Phu Trong's protege Tran Quoc Vuong failed to garner enough support to replace the party chief. 

Phu Trong is favoured to lead the party despite old age and health troubles. The Party Charter reads that members of the Central committee up for re-election must not be above 60 and Politburo members must be under the age of 65. Ascent to the highest level of leadership in Vietnamese politics is a highly secretive process governed by party regulations and revolves around building consensus and vying for control of the powerful, decision-making Politburo. Exceptions are granted in case a consensus on the top candidates cannot be reached. 

Trong will be the longest-serving General Secretary since Le Duan, the leader who took control after the death of Vietnam's founding revolutionary Ho Chi Minh in 1969 and stayed in power till 1984. 

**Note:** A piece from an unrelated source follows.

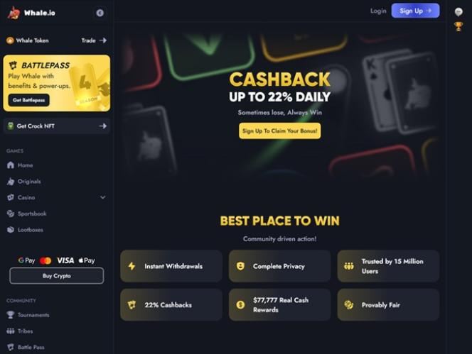 Whale.io tarjoaa upeita kampanjamahdollisuuksia , kuten kanta-asiakasohjelman erinomaisine palkintoineen.BattlePass-palvelun kautta, joka on voimassa tietyn ajan, pelaajilla on mahdollisuus ansaita anteliaita kasinobonuksia, lisäpyöräytyksiä, viikoittaisia käteispalautuksia, loot boxeja, korkeampia RTP-arvoja, ilmaisia urheiluvetoja ja niin edelleen.
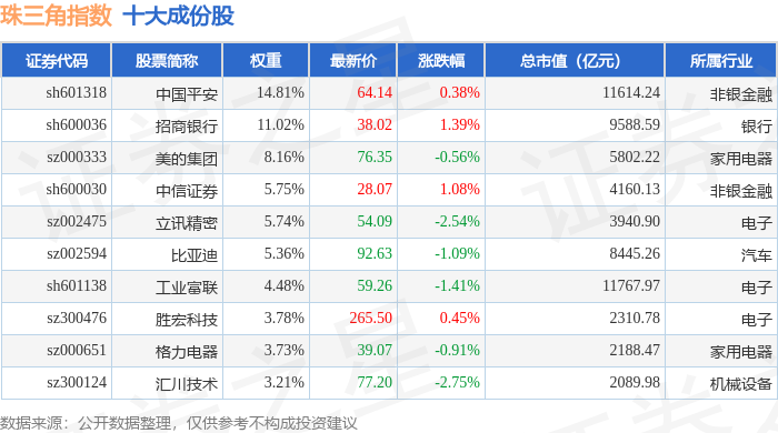 珠三角(399356)指数十大成份股详情如下:

A third nomination makes Trong very powerful and means a hindrance to the party's collective leadership norm that the party has always been following. Trong, who has spearheaded a crackdown against corruption is being called a 'blazing furnace'. 

Thanks to the strict quarantine measures imposed by the country, testing and tracing, Vietnam has so far reported just 1,500 cases of the coronavirus and 35 deaths in total. It was however reported that around 10,000 people tested positive for the virus ahead of the Politburo meeting. 

Amnesty International said the Vietnamese authorities' intolerance to peaceful dissent has peaked. On January 18, the Communist Party's leadership stepped up its crackdown on dissent, making rights groups and activists wonder if Vietnam has breached the spirit of the trade deal with western nations, that called for bolstering environmental protection and human rights.